WHAT YOU SHOULD DO: Search the material and gather each line with "through" in it.

DATA UNDER STUDY:
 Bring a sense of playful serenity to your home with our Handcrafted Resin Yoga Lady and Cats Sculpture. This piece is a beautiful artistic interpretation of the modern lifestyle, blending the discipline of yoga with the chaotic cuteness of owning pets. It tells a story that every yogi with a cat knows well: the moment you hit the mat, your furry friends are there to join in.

...

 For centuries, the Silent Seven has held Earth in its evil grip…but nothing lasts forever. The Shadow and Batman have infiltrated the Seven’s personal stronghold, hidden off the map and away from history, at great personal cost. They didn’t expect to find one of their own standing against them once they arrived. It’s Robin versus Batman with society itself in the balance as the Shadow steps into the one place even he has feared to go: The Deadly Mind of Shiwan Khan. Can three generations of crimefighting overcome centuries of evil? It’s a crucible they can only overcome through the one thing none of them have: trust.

* * *

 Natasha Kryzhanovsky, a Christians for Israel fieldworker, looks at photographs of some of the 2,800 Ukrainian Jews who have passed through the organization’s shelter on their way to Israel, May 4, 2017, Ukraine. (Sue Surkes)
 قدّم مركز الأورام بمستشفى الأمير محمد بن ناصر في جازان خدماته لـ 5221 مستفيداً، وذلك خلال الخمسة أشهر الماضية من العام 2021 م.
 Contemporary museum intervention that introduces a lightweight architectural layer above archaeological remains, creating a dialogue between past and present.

SOLUTION FOR THIS PROBLEM:
 For centuries, the Silent Seven has held Earth in its evil grip…but nothing lasts forever. The Shadow and Batman have infiltrated the Seven’s personal stronghold, hidden off the map and away from history, at great personal cost. They didn’t expect to find one of their own standing against them once they arrived. It’s Robin versus Batman with society itself in the balance as the Shadow steps into the one place even he has feared to go: The Deadly Mind of Shiwan Khan. Can three generations of crimefighting overcome centuries of evil? It’s a crucible they can only overcome through the one thing none of them have: trust.
 Natasha Kryzhanovsky, a Christians for Israel fieldworker, looks at photographs of some of the 2,800 Ukrainian Jews who have passed through the organization’s shelter on their way to Israel, May 4, 2017, Ukraine. (Sue Surkes)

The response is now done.